- Work to complete -
Below this line is a set of entries; quote exactly the lines from the line that contains "Top is size" to the line that contains "Jute Tote Bags", both lines included.

- Source records -

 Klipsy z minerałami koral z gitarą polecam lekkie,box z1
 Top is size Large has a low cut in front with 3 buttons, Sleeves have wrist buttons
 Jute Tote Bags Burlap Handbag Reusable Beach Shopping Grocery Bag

---

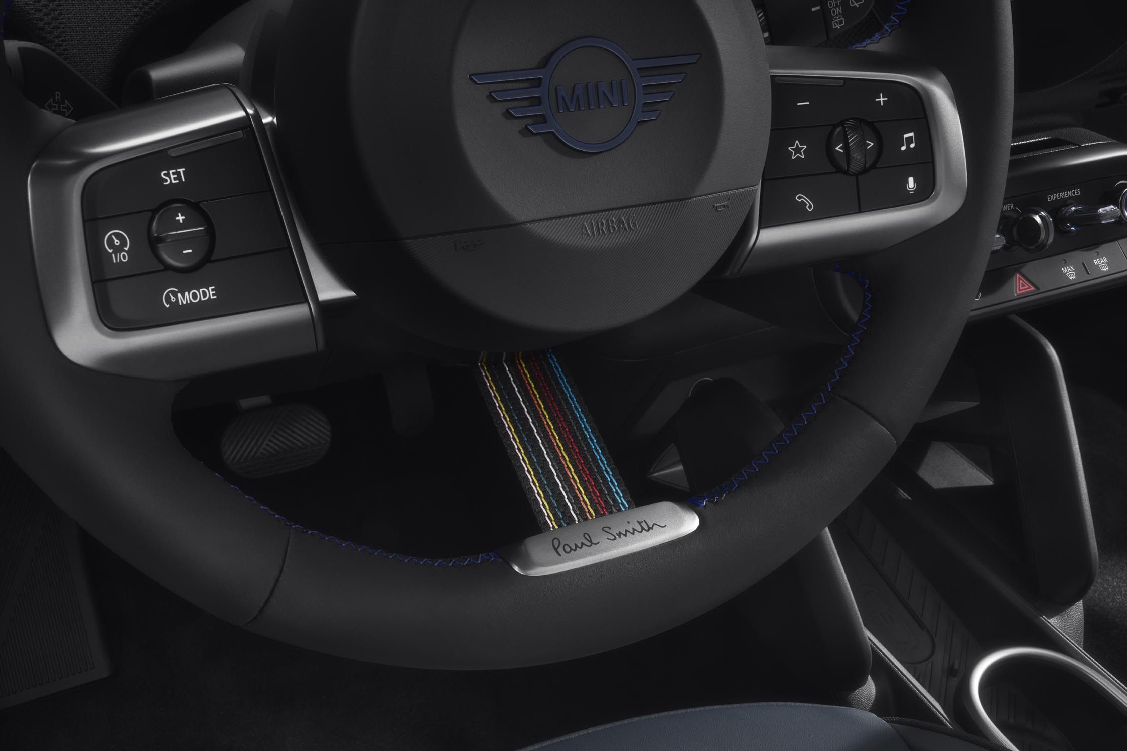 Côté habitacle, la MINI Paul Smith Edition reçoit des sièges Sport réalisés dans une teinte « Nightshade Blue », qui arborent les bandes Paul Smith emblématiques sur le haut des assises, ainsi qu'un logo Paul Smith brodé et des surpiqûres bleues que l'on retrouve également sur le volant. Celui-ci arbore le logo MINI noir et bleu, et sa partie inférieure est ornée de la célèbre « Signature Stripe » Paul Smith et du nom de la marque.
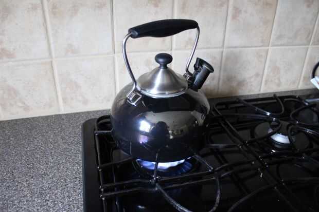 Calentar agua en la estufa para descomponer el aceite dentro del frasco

- Solution to this problem -
 Top is size Large has a low cut in front with 3 buttons, Sleeves have wrist buttons
 Jute Tote Bags Burlap Handbag Reusable Beach Shopping Grocery Bag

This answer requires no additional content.